A brief, I hope

Recently, both Microsoft and Sony released statements to the affect that the Xbox 360 and Playstation 3 are not gaming consoles, but are instead media centers. Here are my thoughts.

It is well documented that, unlike when the PS2 launched, DVD players and even burners are commonplace within homes. It is terribly likely that most of the condensed functions we find in the aforementioned "consoles" are already covered by equipment consumers already possess. Thus, the main draw for people must be the one thing we know they certainly can't have now, the next generation gaming console.

Now, given the market shares of Sony and Microsoft for the PS2 and Xbox, it is entirely likely that people interested in those companies' next offerings already have their previous ones.

We must assume that Sony and Microsoft plan to price these media centers below the cost of manufacturing. If this is not the case, the price will be extremely prohibitive (at least $500 if no $700 each). This means that both companies must try and rely on software and related sales to make up the deficit (both companies aren't exactly producing movies to play on these media centers).

Given the likely cost of the new systems ($300-$400) they really need a good software draw. Both companies had impressive showings at E3, although there was skepticism as to Perfect Dark Zero's ability to be complete prior to the launch of the Xbox 360. The question here is will it be enough.

Nintendo's system is built to be a gaming console, with the option of paying extra for add-ons to play movies and whatever else you may need. That's their advantage. You can buy all the bells and whistles the other consoles have (maybe not quite, but almost) if you want them. If you already have a DVD player, the Revolution will be that much cheaper than the competition.

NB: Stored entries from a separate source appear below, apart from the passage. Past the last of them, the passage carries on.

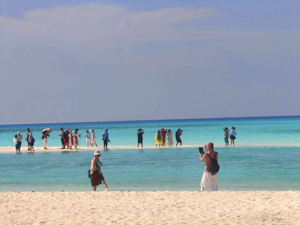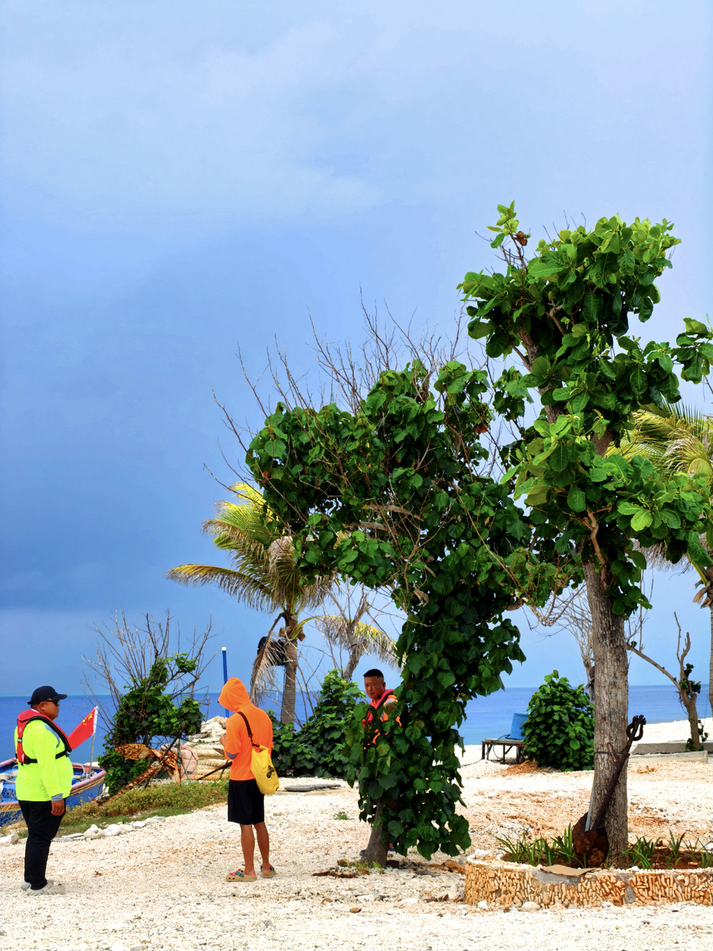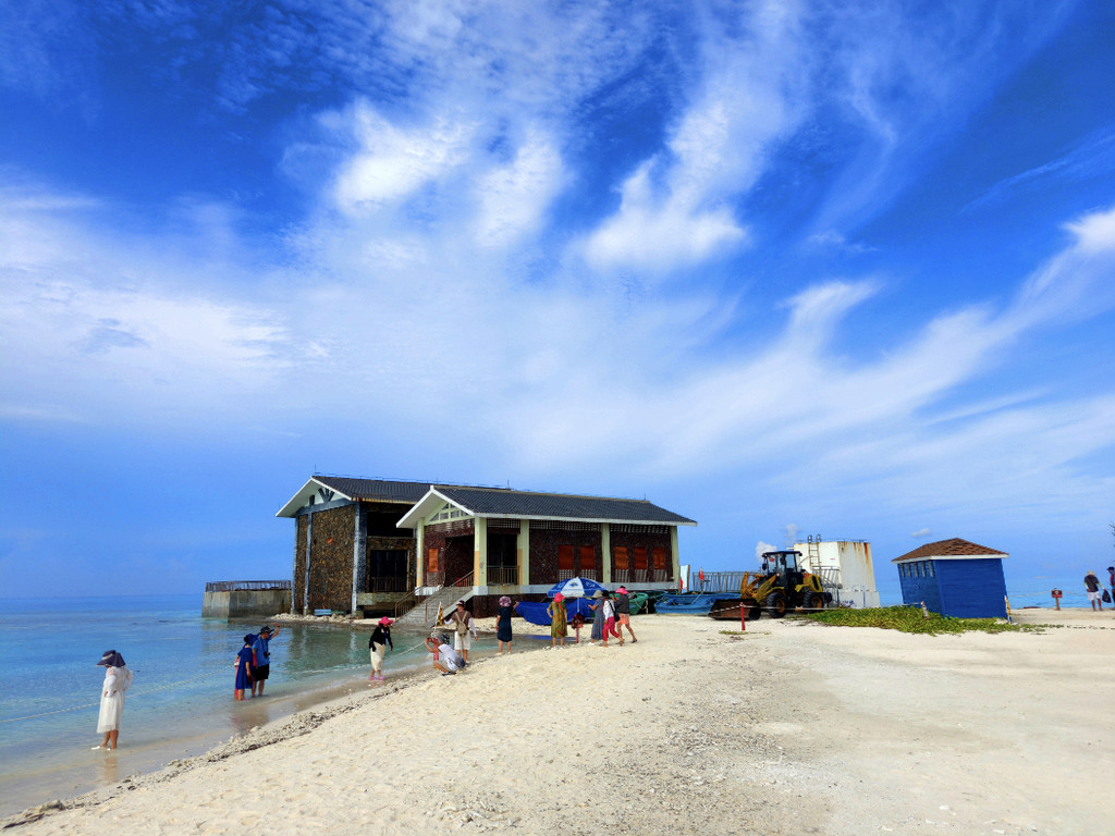 第三天,6月9日上午再次去了银屿岛,下午去鸭公岛,鸭公岛,位于中国西沙群岛的永乐环礁北部,在银屿仔西南500米、全富岛东3公里处,处于全富岛所在礁盘与银屿所在礁盘之间的“银屿门”的通路上,是一个完全由珊瑚礁堆积而成的微小岛,面积约0.01平方公里,岛中有一个随海潮涨落的小湖。由于鸭公岛上正在施工,所以停留时间只有十几分钟。返回邮轮时,天上开始下雨,远远的看到海上乌云密布,还看到十分罕见的龙吸水现象。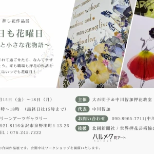 この度、「なでしこの会」初代メンバーによる押し花アート展を開催することになりました。結成から25年。これまで続けてこられた感謝の...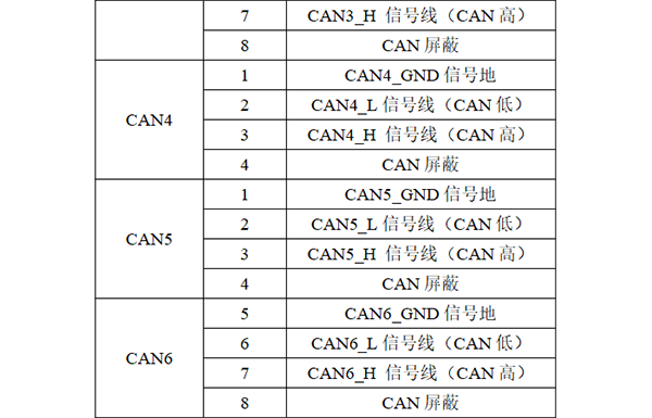 GCAN-GT-418-6系列模塊CAN/CANFD接口由6個(gè)4Pin接線端子引出,有6個(gè)獨(dú)立的CAN/CANFD接口,其接口定義如下表所示。

Being centered around being a video game console, I have no doubt that Nintendo will be able to underprice the competition (they always have before, even before this "media center" stuff). The question then is put to consumers, buy extra expensive "media centers" with functions you don't need and in some cases limited backwards compatibility or, buy the actual console with backwards compatibility for numerous consoles complete with the entire history of the greatest franchises included the console from the last generation and keep your other consoles and their libraries?

The argument is somewhat of a stretch, but it makes sense to me.